[MATERIAL FOR THIS TASK]
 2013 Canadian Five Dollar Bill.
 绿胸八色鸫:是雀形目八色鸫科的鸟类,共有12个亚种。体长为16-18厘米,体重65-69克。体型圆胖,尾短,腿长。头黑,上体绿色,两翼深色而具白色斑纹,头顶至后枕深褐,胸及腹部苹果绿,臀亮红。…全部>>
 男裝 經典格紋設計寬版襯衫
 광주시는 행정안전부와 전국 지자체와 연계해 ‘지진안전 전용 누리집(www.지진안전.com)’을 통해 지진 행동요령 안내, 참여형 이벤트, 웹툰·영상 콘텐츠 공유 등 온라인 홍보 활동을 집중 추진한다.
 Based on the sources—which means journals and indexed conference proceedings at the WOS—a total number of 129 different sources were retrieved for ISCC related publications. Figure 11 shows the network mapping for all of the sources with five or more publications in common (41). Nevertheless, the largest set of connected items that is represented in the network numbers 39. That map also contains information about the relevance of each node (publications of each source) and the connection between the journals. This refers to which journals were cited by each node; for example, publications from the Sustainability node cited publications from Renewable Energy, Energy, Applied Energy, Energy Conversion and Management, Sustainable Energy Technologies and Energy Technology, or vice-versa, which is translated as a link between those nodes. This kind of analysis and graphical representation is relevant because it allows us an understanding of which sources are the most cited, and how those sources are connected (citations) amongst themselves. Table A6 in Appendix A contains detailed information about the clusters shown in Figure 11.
[/MATERIAL FOR THIS TASK]
[MATERIAL FOR THIS TASK]
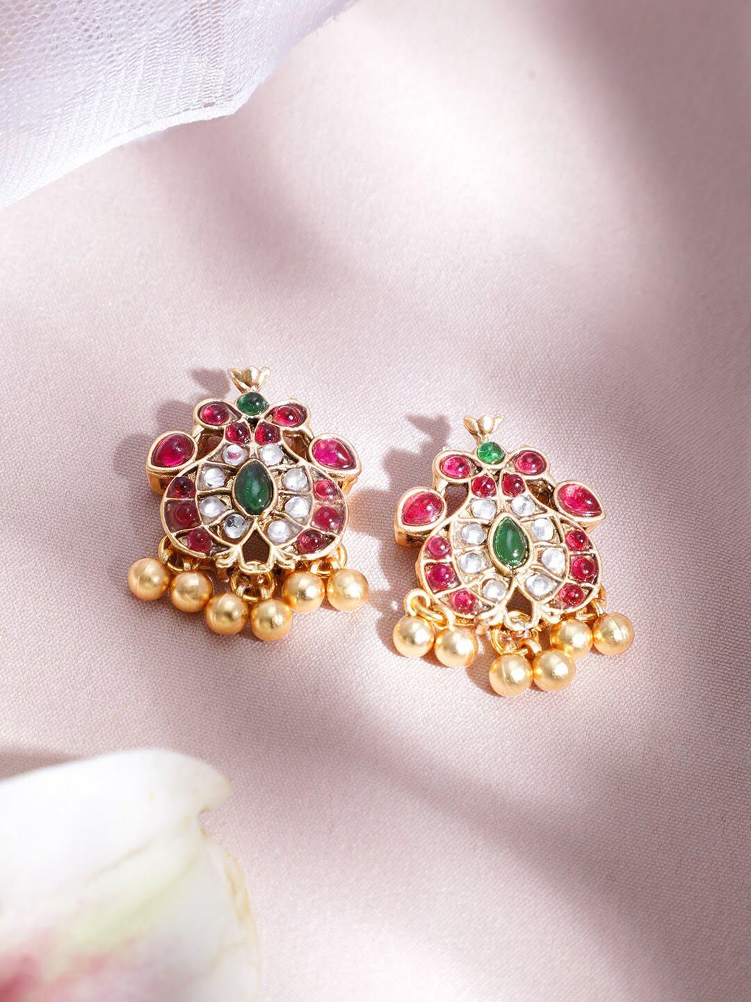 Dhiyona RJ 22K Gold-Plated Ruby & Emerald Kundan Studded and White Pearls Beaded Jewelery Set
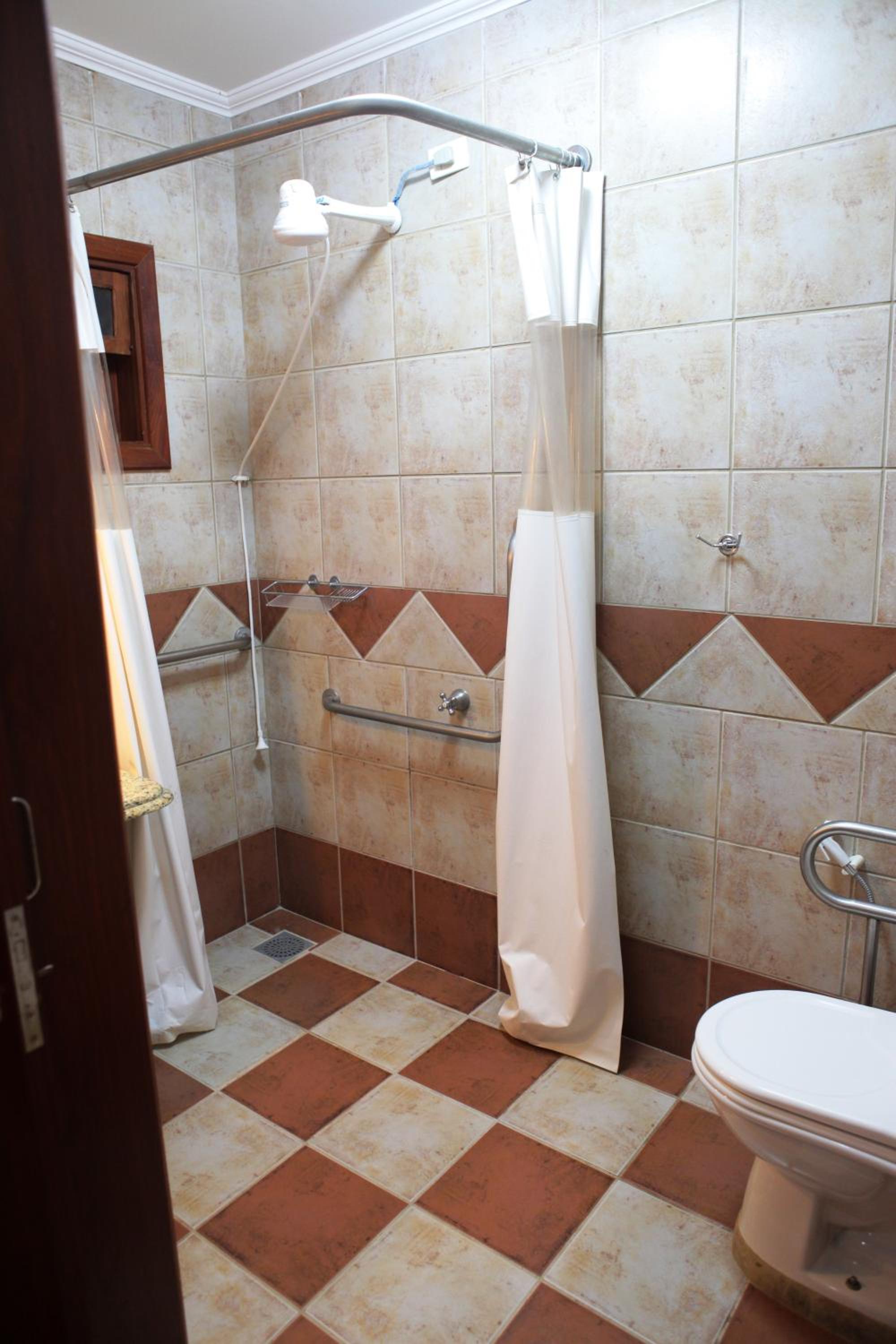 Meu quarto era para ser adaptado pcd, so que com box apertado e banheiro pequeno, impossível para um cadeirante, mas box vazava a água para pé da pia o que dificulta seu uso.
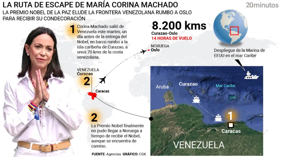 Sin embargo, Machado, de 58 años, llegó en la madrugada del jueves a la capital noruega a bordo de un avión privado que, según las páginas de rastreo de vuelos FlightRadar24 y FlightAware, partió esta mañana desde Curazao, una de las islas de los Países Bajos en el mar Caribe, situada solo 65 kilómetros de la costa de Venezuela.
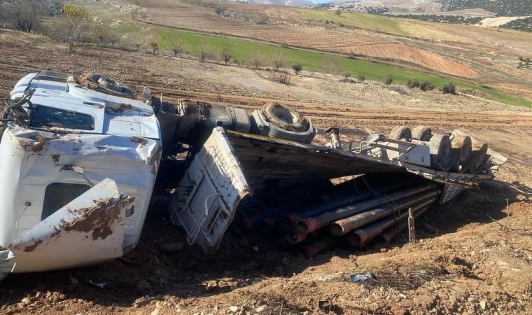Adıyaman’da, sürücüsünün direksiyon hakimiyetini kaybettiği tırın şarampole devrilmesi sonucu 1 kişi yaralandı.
[/MATERIAL FOR THIS TASK]
[MATERIAL FOR THIS TASK]
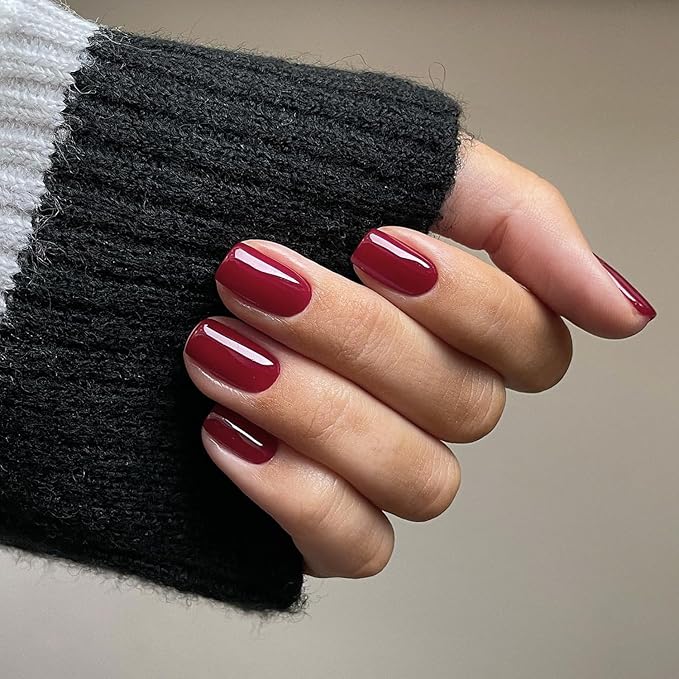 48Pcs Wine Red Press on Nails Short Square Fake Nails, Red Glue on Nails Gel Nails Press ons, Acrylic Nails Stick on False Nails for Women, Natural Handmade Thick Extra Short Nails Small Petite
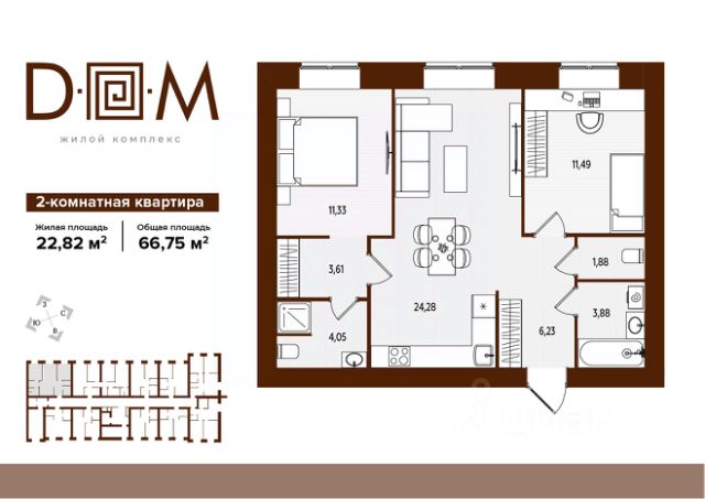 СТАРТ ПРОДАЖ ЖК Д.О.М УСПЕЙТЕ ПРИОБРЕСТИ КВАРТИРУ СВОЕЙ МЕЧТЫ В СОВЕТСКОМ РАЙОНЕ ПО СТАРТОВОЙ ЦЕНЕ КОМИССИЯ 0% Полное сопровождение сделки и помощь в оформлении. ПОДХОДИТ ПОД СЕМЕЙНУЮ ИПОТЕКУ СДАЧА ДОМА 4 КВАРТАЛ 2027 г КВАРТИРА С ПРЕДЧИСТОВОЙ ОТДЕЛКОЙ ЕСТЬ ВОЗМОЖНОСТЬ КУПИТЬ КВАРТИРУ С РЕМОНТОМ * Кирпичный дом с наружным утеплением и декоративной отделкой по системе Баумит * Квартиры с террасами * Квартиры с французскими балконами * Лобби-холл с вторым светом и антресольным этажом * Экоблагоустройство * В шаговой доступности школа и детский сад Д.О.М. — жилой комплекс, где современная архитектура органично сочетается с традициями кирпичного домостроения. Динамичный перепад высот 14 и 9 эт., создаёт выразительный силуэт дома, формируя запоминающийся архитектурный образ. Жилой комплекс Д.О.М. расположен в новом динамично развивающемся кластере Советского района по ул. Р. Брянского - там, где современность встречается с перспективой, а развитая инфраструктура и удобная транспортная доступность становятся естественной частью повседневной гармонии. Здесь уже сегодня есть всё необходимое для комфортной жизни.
[/MATERIAL FOR THIS TASK]
■ **WHAT THIS TASK INVOLVES**
The range runs from the line above containing "2013 Canadian Five Dollar Bill." to the line containing "Based on the", inclusive. Restate those lines word for word and no others.

■ **EXERCISE RESPONSE**
 2013 Canadian Five Dollar Bill.
 绿胸八色鸫:是雀形目八色鸫科的鸟类,共有12个亚种。体长为16-18厘米,体重65-69克。体型圆胖,尾短,腿长。头黑,上体绿色,两翼深色而具白色斑纹,头顶至后枕深褐,胸及腹部苹果绿,臀亮红。…全部>>
 男裝 經典格紋設計寬版襯衫
 광주시는 행정안전부와 전국 지자체와 연계해 ‘지진안전 전용 누리집(www.지진안전.com)’을 통해 지진 행동요령 안내, 참여형 이벤트, 웹툰·영상 콘텐츠 공유 등 온라인 홍보 활동을 집중 추진한다.
 Based on the sources—which means journals and indexed conference proceedings at the WOS—a total number of 129 different sources were retrieved for ISCC related publications. Figure 11 shows the network mapping for all of the sources with five or more publications in common (41). Nevertheless, the largest set of connected items that is represented in the network numbers 39. That map also contains information about the relevance of each node (publications of each source) and the connection between the journals. This refers to which journals were cited by each node; for example, publications from the Sustainability node cited publications from Renewable Energy, Energy, Applied Energy, Energy Conversion and Management, Sustainable Energy Technologies and Energy Technology, or vice-versa, which is translated as a link between those nodes. This kind of analysis and graphical representation is relevant because it allows us an understanding of which sources are the most cited, and how those sources are connected (citations) amongst themselves. Table A6 in Appendix A contains detailed information about the clusters shown in Figure 11.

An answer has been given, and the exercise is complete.